Stop Talking, Start Listening — Western students need to give speakers, professors a chance
January 7, 2014
As difficult as this may sound, we’d like to have your undivided attention.
Every year, Missouri Western brings a speaker to campus that is largely successful in their respective fields. Seventy percent of the time, they have had some interesting things to tell us students.
One-hundred percent of the time, there is a hefty amount of the students in the audience who are either sleeping or talking the entire time.
This is disrespectful.
Not only that, but it’s naïve and juvenile. Now don’t get us wrong, we’re not the type to favor speakers just because they are “educating us” and that makes us seem classy because we enjoy learning things.
We will admit that there have been some boring speakers at these Convocations. It’s a hit or miss process, and it has missed quite a lot. Bringing an actual entertaining, and beneficial, speaker to a small school like Western can be quite the task.
The problem is that many of you students go into these convocations thinking “Oh my God, this is going to be so boring. Why do I have to be here? I could be getting’ my drink on!”
First of all Mr. and Mrs. Entitlement, your getting out of class for this, so don’t be complaining about why you have to be there.
The main problem here is that if you go into an event already assuming its going to be boring and feeling that you should “be somewhere else,” then you will automatically fulfill those thoughts.
Think of it like this, if you go into a movie thinking it’s some cheesy and lame flick that your friends dragged you to, you are going to hate it no matter what. Expectations create results because you will either assume it sucks and not pay attention or overanalyze everything because critiquing arouses you.
We understand that history may not be everybody’s cup of tea, but that doesn’t really matter.
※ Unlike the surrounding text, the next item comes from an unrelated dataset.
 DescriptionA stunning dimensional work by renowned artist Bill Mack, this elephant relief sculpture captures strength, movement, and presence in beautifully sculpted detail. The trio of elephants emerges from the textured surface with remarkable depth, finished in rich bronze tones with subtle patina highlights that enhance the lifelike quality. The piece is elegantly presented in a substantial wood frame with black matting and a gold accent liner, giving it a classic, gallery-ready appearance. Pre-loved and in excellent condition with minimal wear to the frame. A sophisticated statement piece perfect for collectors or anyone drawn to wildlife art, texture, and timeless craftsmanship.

The fact that you are just assuming that you already know the quality of anything before even hearing it or seeing it just because it doesn’t sound interesting to you is just straight up arrogant.
Another issue is that you students seem to have this fear of taking part in anything that:
1) Involves effort
2) Doesn’t involve your major
This is a serious problem. It’s an issue with the convocation and also the issue with most students in general education classes.
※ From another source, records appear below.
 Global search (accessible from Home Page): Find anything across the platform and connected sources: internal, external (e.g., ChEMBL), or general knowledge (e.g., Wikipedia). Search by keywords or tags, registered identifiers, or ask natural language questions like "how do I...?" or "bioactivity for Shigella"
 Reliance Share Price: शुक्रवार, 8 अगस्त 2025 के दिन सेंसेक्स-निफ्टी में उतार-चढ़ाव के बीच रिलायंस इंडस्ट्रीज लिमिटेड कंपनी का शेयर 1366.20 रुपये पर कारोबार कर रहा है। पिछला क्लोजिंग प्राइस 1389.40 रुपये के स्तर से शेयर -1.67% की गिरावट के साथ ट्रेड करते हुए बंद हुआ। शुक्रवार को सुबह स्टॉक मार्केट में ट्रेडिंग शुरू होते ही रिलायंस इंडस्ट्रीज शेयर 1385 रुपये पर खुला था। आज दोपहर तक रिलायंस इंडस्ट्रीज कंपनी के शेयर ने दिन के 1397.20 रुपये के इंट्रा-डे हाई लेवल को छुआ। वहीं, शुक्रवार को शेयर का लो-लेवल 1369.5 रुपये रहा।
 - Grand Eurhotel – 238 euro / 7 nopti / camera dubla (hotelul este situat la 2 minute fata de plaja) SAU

You go into this class or event and don’t even listen because you don’t want to be there. What’s wrong with you? Have an open mind for once in your life.
Okay, you listen to this speech on History or take a class in Sociology; are you going to be taking any of this and putting it on a resume? No, not at all.
But you may walk away with some very important lessons. We’re not even talking about education. “Lessons on life” is the subject of this lecture.
It may be through the notes they give you or it may just be through the style they tell a story. You will walk away with something that you will remember for the rest of your life.
A great instructor or speaker is not somebody who puts all the information that they want to. What makes them great is if and when they are able to captivate their audience with their storytelling so much that they forget they are being educated.
The truth is, we may not ever remember what the overall subject matter of a lecture was or how we did on a certain test, but certain quotes and moments will always stick in our minds.
These moments are special and forever stored in our brains. We will die with them, full of positive reminiscence.
But when you don’t even bother to pay attention in this moments, you kill those moments.
So go ahead. Don’t listen to us. You’re just screwing yourself.